WHAT TO WORK ON: From the first line to the last, restate the material word for word, omitting pictures.
══ STORED DATA
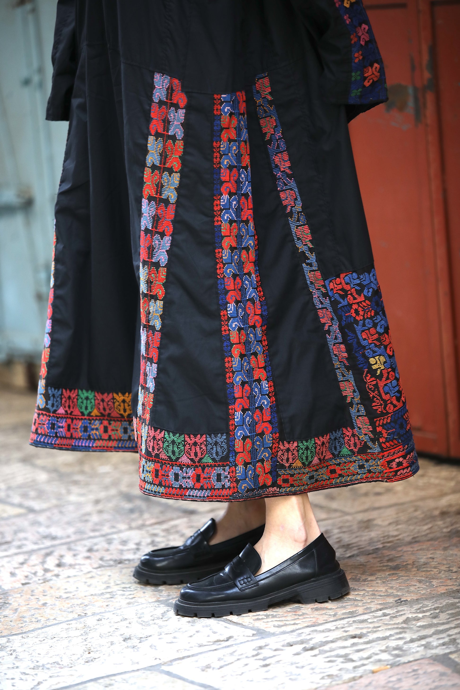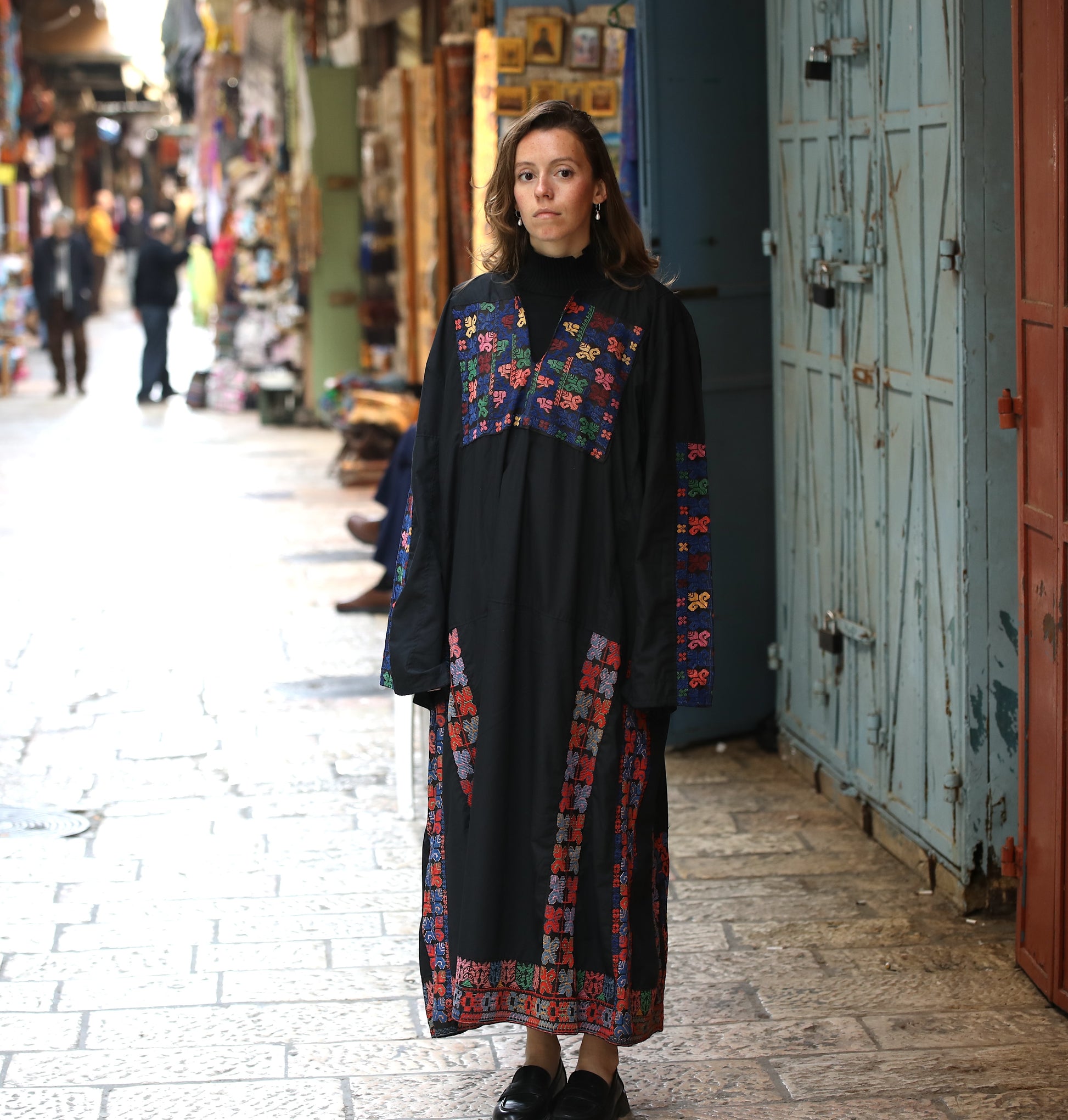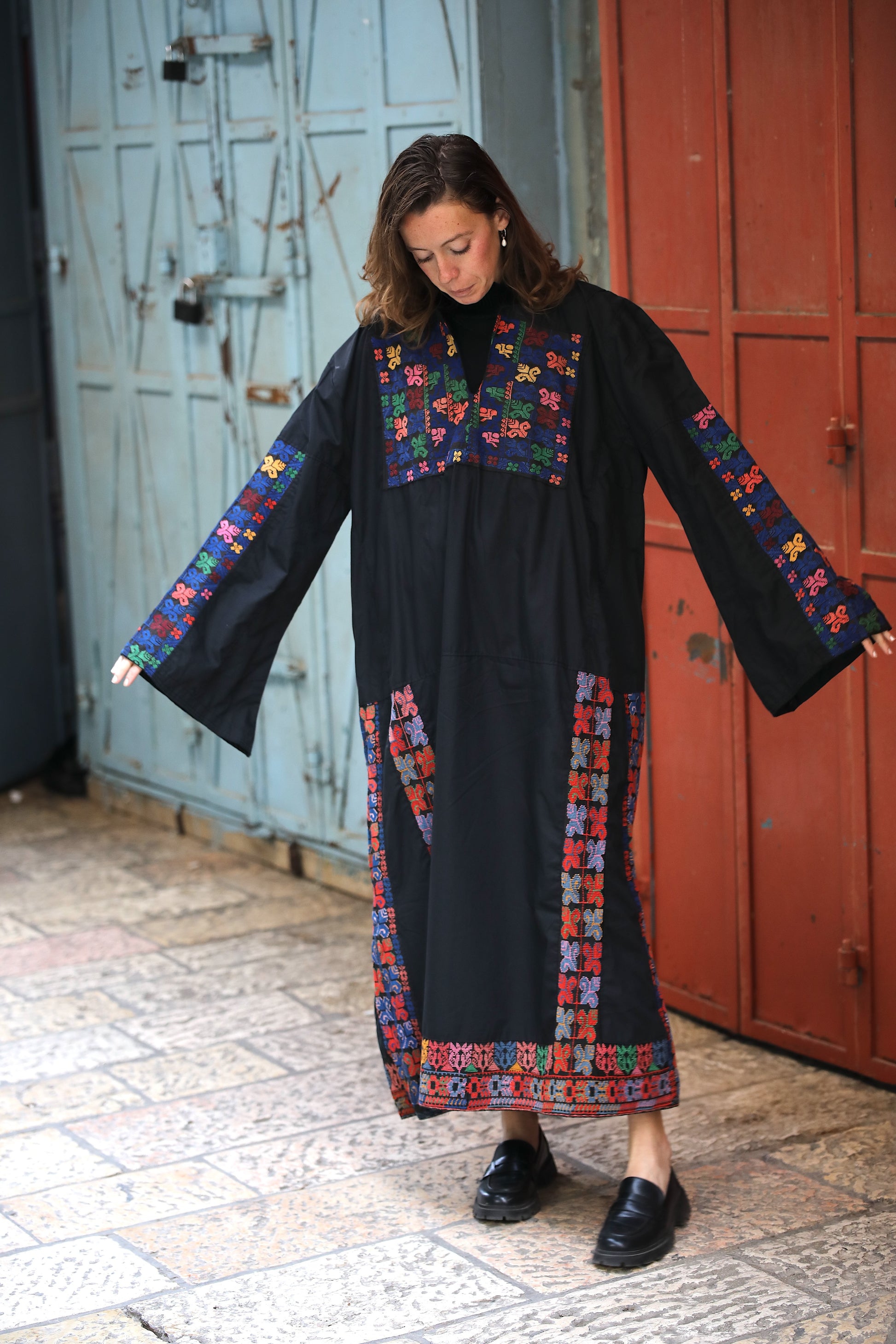 This Thobe is reassembled using original Tatreez pieces carefully taken from an old Thobe from the Rafah / Khan Younis region and applied to new fabric.
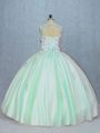 Fine Apple Green Ball Gowns Beading and Appliques 15 Quinceanera Dress Lace Up Tulle Sleeveless Floor Length
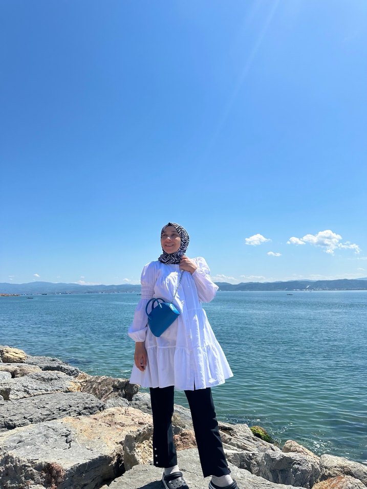Beden s yazıyor ama ben hamileyken giydim 44 bedene kadar olur diye düşünüyorum Bağcıklı, yüksek yakalı, uzun kollu, mavi açık tonlarında pamuklu bağlama desenli, bol kesim midi tunik. Günlük kullanıma uygun sade ve mütevazı stil.
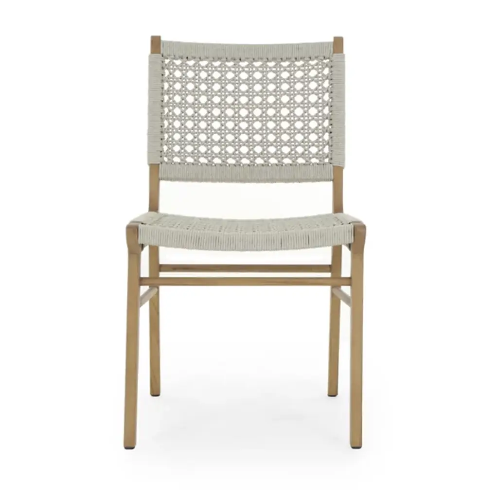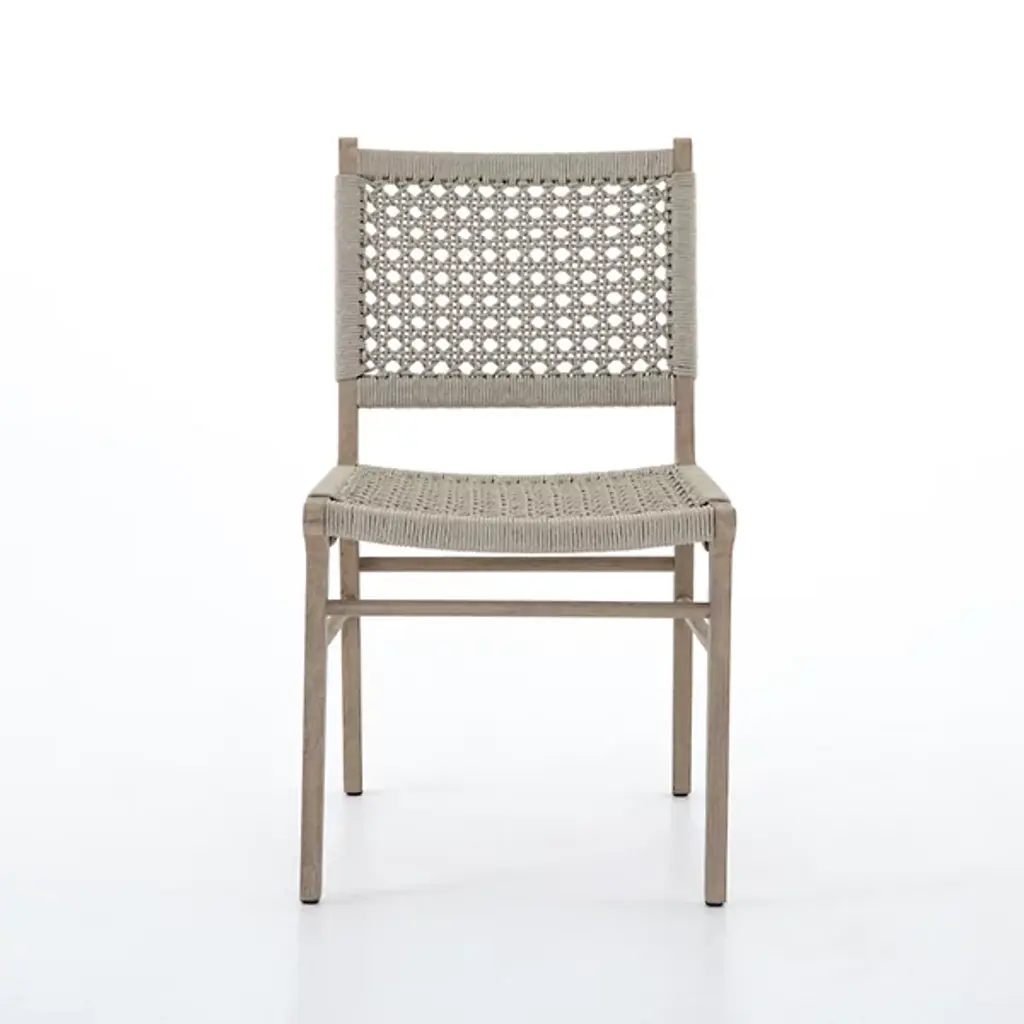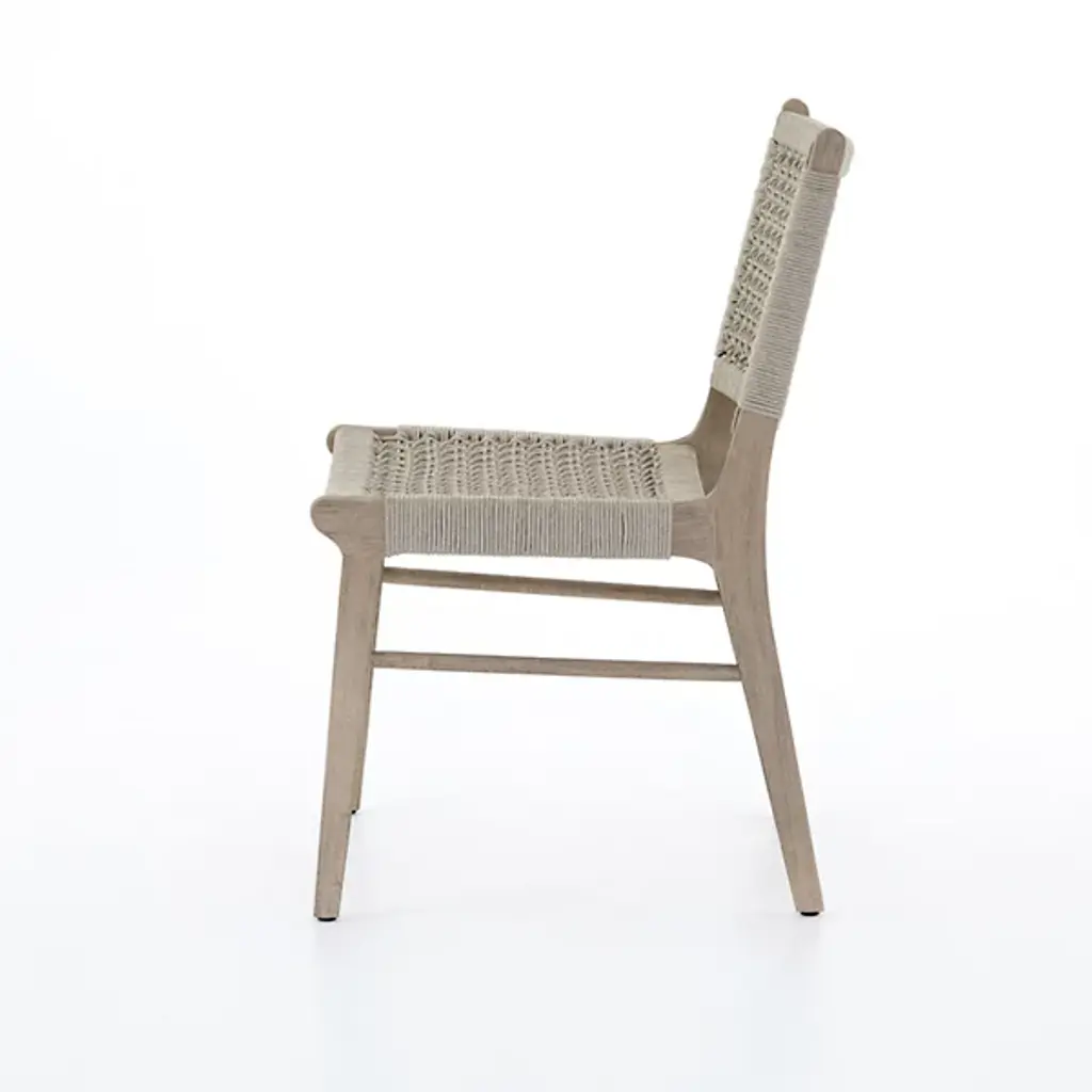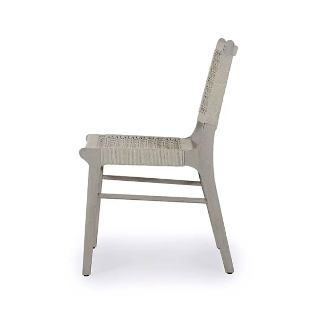 Effortlessly chic, whether it is placed indoors or outdoors. The Delmare Outdoor Dining Chair from Four Hands showcases woven ivory rope for a captivating texture-focused aesthetic. Its frame is crafted out of teak wood and features a comfortable seat and back of woven ivory rope. Covering or storing this piece indoors during unfavorable weather conditions or when not in use is recommended for added durability.
════
OUTPUT OF THE EXERCISE:
 This Thobe is reassembled using original Tatreez pieces carefully taken from an old Thobe from the Rafah / Khan Younis region and applied to new fabric.
 Fine Apple Green Ball Gowns Beading and Appliques 15 Quinceanera Dress Lace Up Tulle Sleeveless Floor Length
Beden s yazıyor ama ben hamileyken giydim 44 bedene kadar olur diye düşünüyorum Bağcıklı, yüksek yakalı, uzun kollu, mavi açık tonlarında pamuklu bağlama desenli, bol kesim midi tunik. Günlük kullanıma uygun sade ve mütevazı stil.
 Effortlessly chic, whether it is placed indoors or outdoors. The Delmare Outdoor Dining Chair from Four Hands showcases woven ivory rope for a captivating texture-focused aesthetic. Its frame is crafted out of teak wood and features a comfortable seat and back of woven ivory rope. Covering or storing this piece indoors during unfavorable weather conditions or when not in use is recommended for added durability.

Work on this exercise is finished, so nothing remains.